Dear Teresa.
We're so sad and sorry to hear about Peter. We hope you are managing to cope with your sad loss. We hope you have your family and friends support in this difficult time. It's difficult to find words of comfort for you but please know that we are thinking of you and your family in this time of sadness.
Lots of love
Andy & Steph xxx
Hi Michele.
Welcome to the forum that we'd all rather we had never heard of.
It's good you have come through your treatment well. As you'll know by now nearly everyone ones journey with MM is different so the more contributors we have the better the MM journeys are covered.
I look forward to reading your posts as you enjoy your long and healthy remission.
Take care
All the best
Andy x
Hi all.
Just thought I'd add to the benefits discussion. I get the higher rate DLA and mid rate AA and I also get ESA. Just got my blue badge too. I had help with the DLA form from a charity at my hospital. My specialist nurse and consultant both told me about them. So I would advise everyone to ask for help with the form because it's a nightmare to fill in right. Answer the questions as if you are on one of your really bad days too – not your average day and definitely not as if your on a good day. But do please get help. You are entitled to it.

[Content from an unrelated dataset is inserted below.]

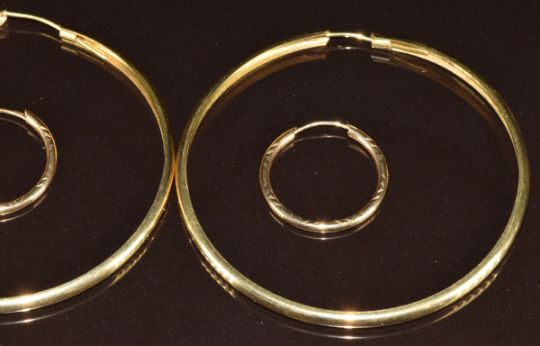 A pair of 18ct gold hoop earrings (7.9g) and a pair of 9ct gold hoop earrings (0.9g)
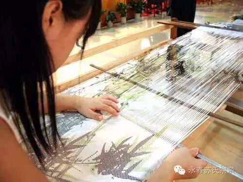 “是真非真画非画,经纬既见分纵横。”创作于隋末唐初、延续近千年,有“隔帘观月,雾里看花”的美感,与杭州丝织画、苏州缂丝画、四川竹帘画并称为中国的“四大家织”的永春纸织画。纸织画近看纸痕交织,好像一个又一个有规律的色块。远看就像是有一层薄薄的纱覆盖在上面,如同仙境,若隐若现。举世闻名的中国画以其独特的笔墨韵味表现世间物象,可谓东方一绝。而纸织画把一幅中国画用特制的利刀,切成宽仅二毫米、头尾不断、细长的纸丝作为经线,用与经线一样宽的纯白宣纸丝作纬线,再像织布一样放在特制的纸织机上穿梭交织,然后裱背成画。

Oh I can feel a soap box moment coming on! I'd better lie down for a while.
All the best.
Andy
Hi Paul.
Well done. Glad to see DT PACE did the trick for you. I hope the SCT goes smoothly and you have a long and successful remission.
All the best
Andy
Hi Mari.
Great news. Have a fantastic holiday.
Love Andy xx
Hi Mike.
Welcome to the forum. You'll find lots of support and friendly advice here.
Everyones MM journey is different as is their response to treatment and the drugs. Hopefully you'll sail through it to a stem cell transplant.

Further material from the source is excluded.